What it means is that probably/almost certainly Biscuits (assorted) will be published by Myriad when it's finished, which is super great news because they are a publisher with a great track record in high quality graphic novel production. 

All of the shortlisted artists got a proper interview and chat about their work and the judges said why they chose them and they were all so good! When they announced that I was the winner I went a bit inarticulate. Whaaaaaaaaaaaaaaaaaaaaaaaaaaaaaaaaaaaaaat? 


As if that wasn't enough for a week (it was) I also did a long hot awesome day of live portraits at Amwell Street Summer Fete last week, took part in Pride and Small Press Day on Saturday including signing copies of the new Broken Frontier Small Press Yearbook at Gosh Comics wot I done the cover of, and did a talk about Biscuits at Laydeez do Comics on the bill iwth the amazing Steven Appleby on Monday as well! 

This is the yearbook - it is full of awesomeness you can see a preview here and buy it here

Here is me talking at Laydeez. 

After consideration I decided to go fully scripted for the Laydeez talk, because I probably am actually better at writing and reading than I am at talking. The happy side effect of this is that I already have a digital copy of pretty much exactly what I said. So I thought I would share it here with you guys who didn't get to come to Laydeez. 

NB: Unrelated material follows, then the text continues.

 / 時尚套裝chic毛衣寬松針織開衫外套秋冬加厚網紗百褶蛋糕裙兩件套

Just imagine you are hearing it read to you. 

So I made this picture of Nicola, Sarah, Wallis and Rachel because of how the projector at the Vauxhall venue always put pretty pictures on these head laydeez faces, so I thought It’d be fun to have them on the screen as well. But yeah, thank you Laydeez! For providing such great impetus and inspiration and a supportive community and for having me. 

I also want to say what a crazy amazing honour it is to be talking in the same bill as Steven Appleby. I grew up in a Guardian reading household so you’re like, cartoon royalty to me, So big fan. But also that all being true it is also true that I am notoriously bad at names. Sorry to all of the people here who’s names I have previously got wrong or forgotten. So after Wallis offered me this slot with Steven, after the initial what that’s ridiculous she’s way more famous than me hahaha yeah let’s do that, I became gripped with a slow creeping horror that I would accidentally get your name wrong during my talk. So…

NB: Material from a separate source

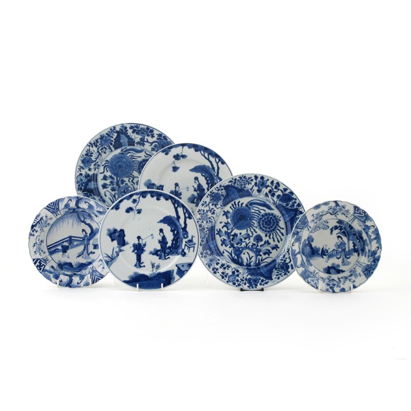 Three pairs of Chinese blue and white dishes Kangxi 1662-1722, variously decorated with figures beneath trees and with flowers and rockwork, twin fish and ding marks, 25cm max. (6)

I made this handy guide for myself to remember which famous Steven is which. 

I’ll give you another one for free: Nicola STREET-hair, Sarah LIGHT hair

To make this even more awkward I have made it a recurring joke for the rest of the talk. I am obviously reading from a script so you have to suspend your imagination and pretend that I am getting people's names wrong by accident (readers - you have to suspend your imagination twice over, enjoy!)

Ok, so HI. I am Jenny. I usually introduce myself as an illustrator. Like a lot of creatives I do have a lot of hats that I wear – I drew this to illustrate that. I am not actually a roman, cowboy or viking, I just wanted to draw them. Look I drew Andy’s hat for comic critic. I am also a part time teacher. I draw birds, words, live portraits, and basically anything someone wants to pay me to draw. I also do a lot of collage. I basically always want to do all of the stuff and I have to battle with that instinct to be vaguely efficient with my career.

When you’re freelancing you need a lot of hustle to network and schmooze and put yourself out there and you kind of have to say Yes to everything while yet and at the same time trying to keep your brand tight. So I did that for 8 years. And I did a lot of cool stuff, including some comics. But it was mostly quite bitty and all over the place and I knew I really wanted to do a big project but I was always thinking about where the next client was coming from so I didn’t do anything big.
SO Two years ago I made a decision to consciously step back from trying to do a million things all of the time and chasing clients to focus on creating one project. Although I still identify as an Illustrator. And I still say yes to a lot of things, some of which definitely aren’t making me any money.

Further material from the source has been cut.